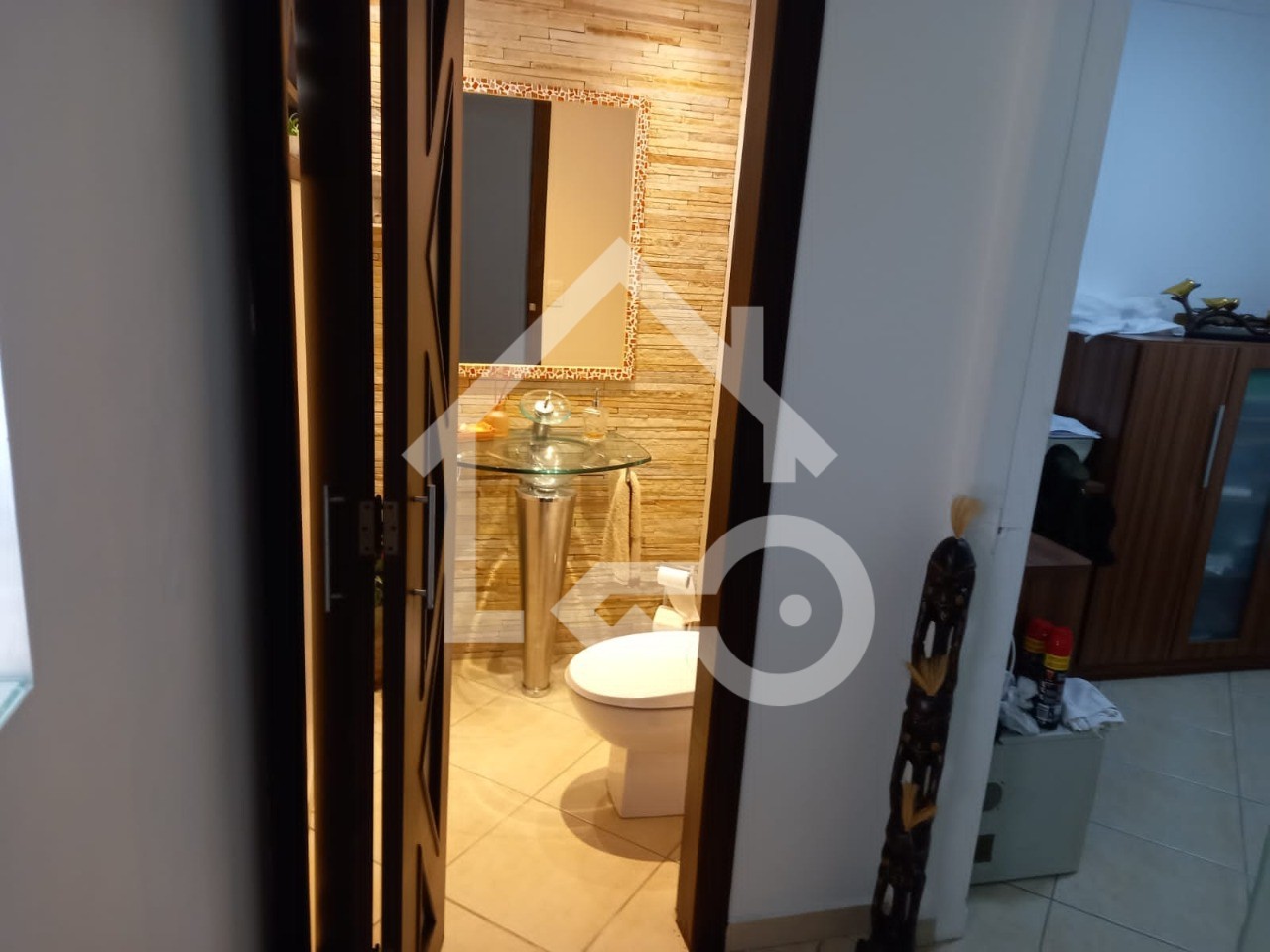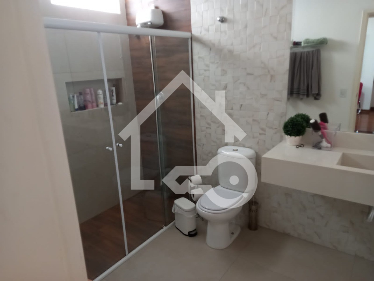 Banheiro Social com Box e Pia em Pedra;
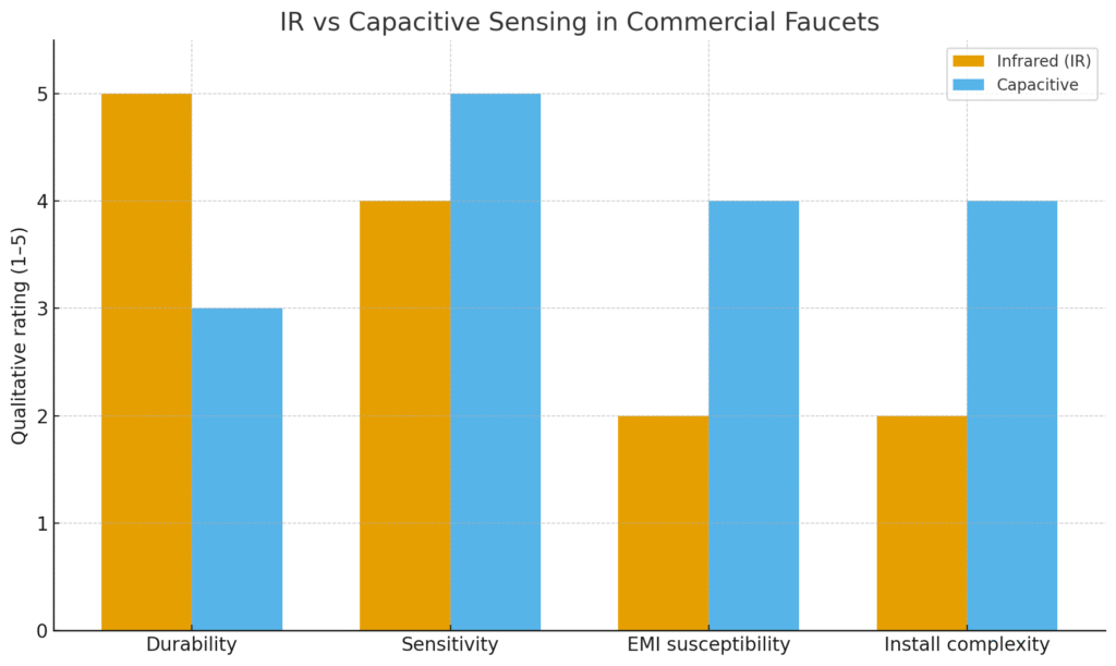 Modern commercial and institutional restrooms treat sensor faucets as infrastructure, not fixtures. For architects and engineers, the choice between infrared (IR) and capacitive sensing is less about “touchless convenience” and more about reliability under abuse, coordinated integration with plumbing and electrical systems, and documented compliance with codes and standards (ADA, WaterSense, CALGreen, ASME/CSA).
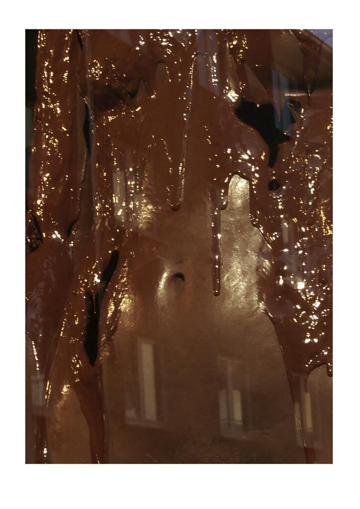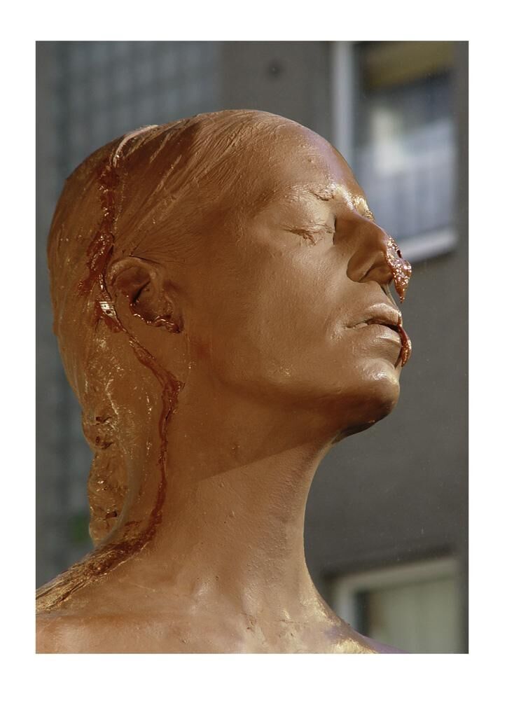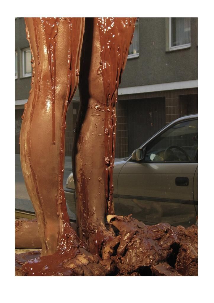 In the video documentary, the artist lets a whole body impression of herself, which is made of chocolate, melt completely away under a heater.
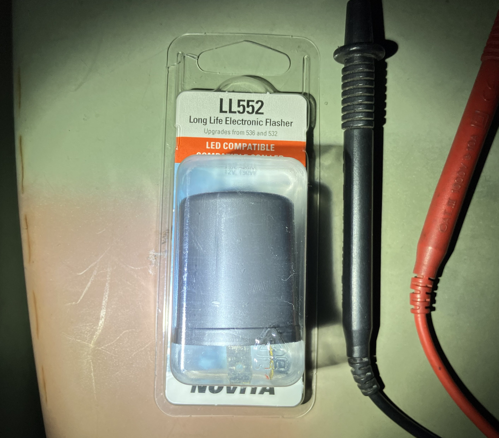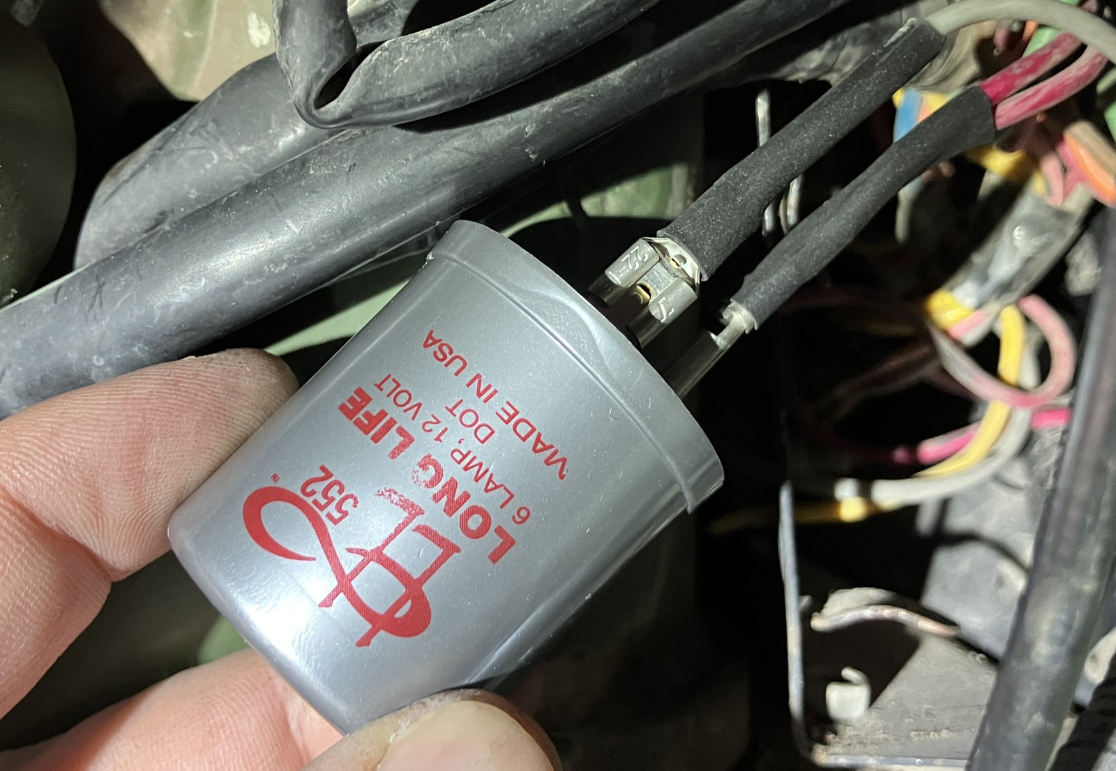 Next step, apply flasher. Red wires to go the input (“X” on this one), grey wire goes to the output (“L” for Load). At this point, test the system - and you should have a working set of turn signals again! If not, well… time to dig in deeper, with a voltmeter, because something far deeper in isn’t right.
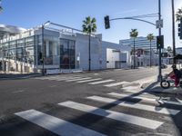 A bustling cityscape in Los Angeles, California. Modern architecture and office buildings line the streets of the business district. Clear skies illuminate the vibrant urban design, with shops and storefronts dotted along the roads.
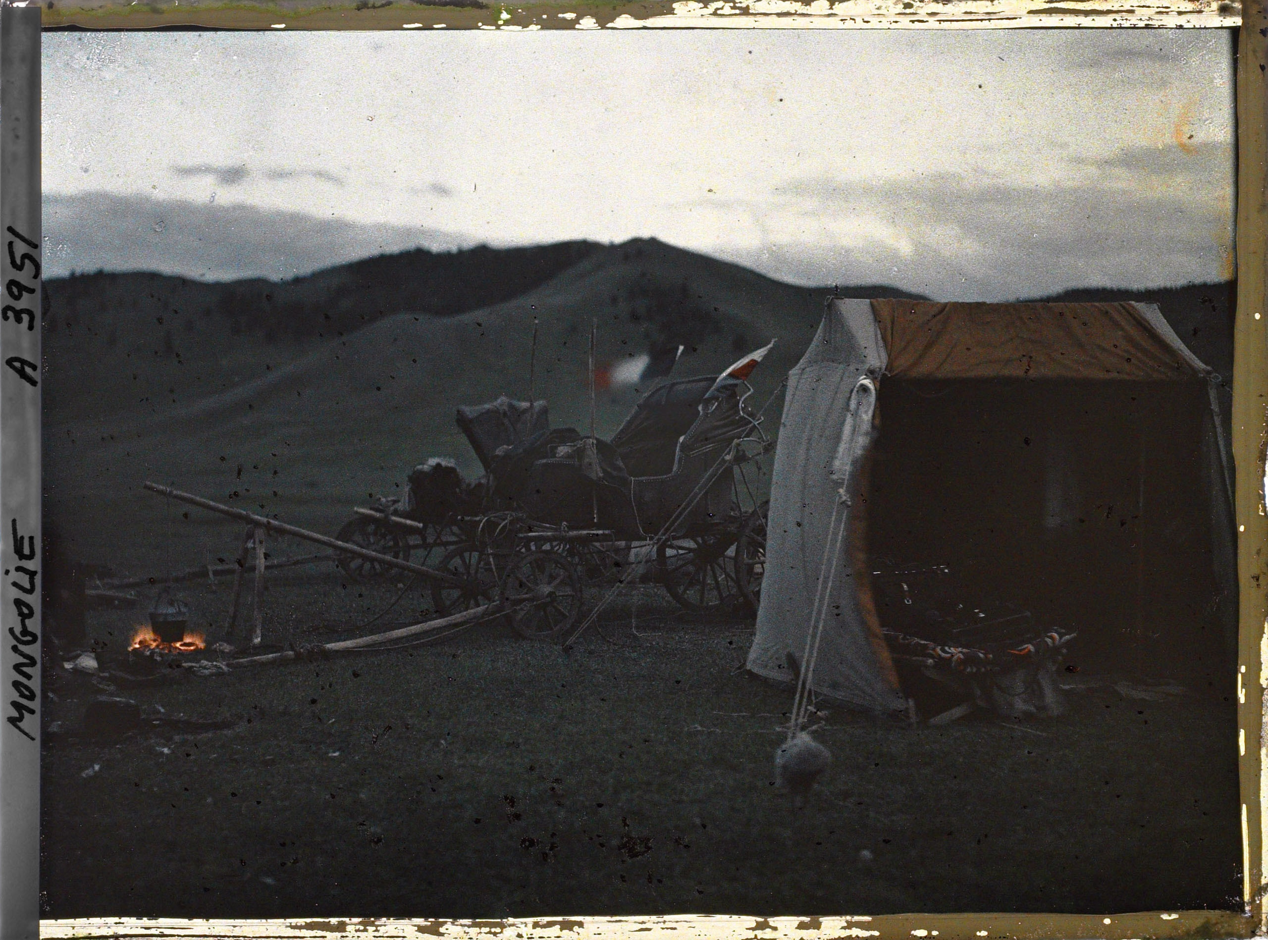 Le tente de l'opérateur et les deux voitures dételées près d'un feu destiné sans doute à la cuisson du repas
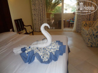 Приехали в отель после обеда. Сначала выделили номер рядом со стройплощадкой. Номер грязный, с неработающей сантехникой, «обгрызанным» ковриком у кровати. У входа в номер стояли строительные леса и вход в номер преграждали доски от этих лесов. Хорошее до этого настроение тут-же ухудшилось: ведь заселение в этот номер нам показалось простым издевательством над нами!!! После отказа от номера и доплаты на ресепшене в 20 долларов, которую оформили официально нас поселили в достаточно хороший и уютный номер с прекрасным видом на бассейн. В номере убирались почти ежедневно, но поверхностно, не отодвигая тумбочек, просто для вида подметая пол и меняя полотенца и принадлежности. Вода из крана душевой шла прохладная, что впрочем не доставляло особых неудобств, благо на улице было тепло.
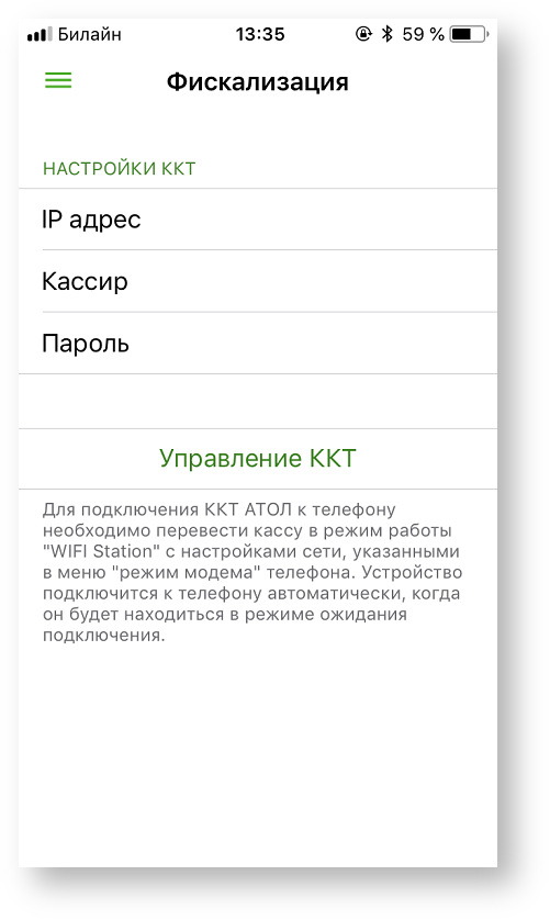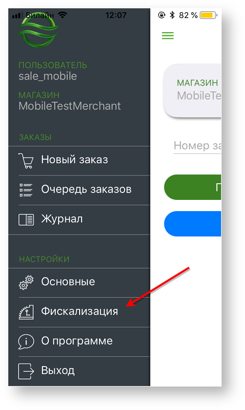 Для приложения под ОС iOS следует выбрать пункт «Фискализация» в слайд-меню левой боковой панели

****************

• [WHAT YOU SHOULD DO]: Restate the listing above word for word, and skip the pictures.

• [REPLY TO THE TASK]:
 Banheiro Social com Box e Pia em Pedra;
 Modern commercial and institutional restrooms treat sensor faucets as infrastructure, not fixtures. For architects and engineers, the choice between infrared (IR) and capacitive sensing is less about “touchless convenience” and more about reliability under abuse, coordinated integration with plumbing and electrical systems, and documented compliance with codes and standards (ADA, WaterSense, CALGreen, ASME/CSA).
 In the video documentary, the artist lets a whole body impression of herself, which is made of chocolate, melt completely away under a heater.
 Next step, apply flasher. Red wires to go the input (“X” on this one), grey wire goes to the output (“L” for Load). At this point, test the system - and you should have a working set of turn signals again! If not, well… time to dig in deeper, with a voltmeter, because something far deeper in isn’t right.
 A bustling cityscape in Los Angeles, California. Modern architecture and office buildings line the streets of the business district. Clear skies illuminate the vibrant urban design, with shops and storefronts dotted along the roads.
 Le tente de l'opérateur et les deux voitures dételées près d'un feu destiné sans doute à la cuisson du repas
 Приехали в отель после обеда. Сначала выделили номер рядом со стройплощадкой. Номер грязный, с неработающей сантехникой, «обгрызанным» ковриком у кровати. У входа в номер стояли строительные леса и вход в номер преграждали доски от этих лесов. Хорошее до этого настроение тут-же ухудшилось: ведь заселение в этот номер нам показалось простым издевательством над нами!!! После отказа от номера и доплаты на ресепшене в 20 долларов, которую оформили официально нас поселили в достаточно хороший и уютный номер с прекрасным видом на бассейн. В номере убирались почти ежедневно, но поверхностно, не отодвигая тумбочек, просто для вида подметая пол и меняя полотенца и принадлежности. Вода из крана душевой шла прохладная, что впрочем не доставляло особых неудобств, благо на улице было тепло.
 Для приложения под ОС iOS следует выбрать пункт «Фискализация» в слайд-меню левой боковой панели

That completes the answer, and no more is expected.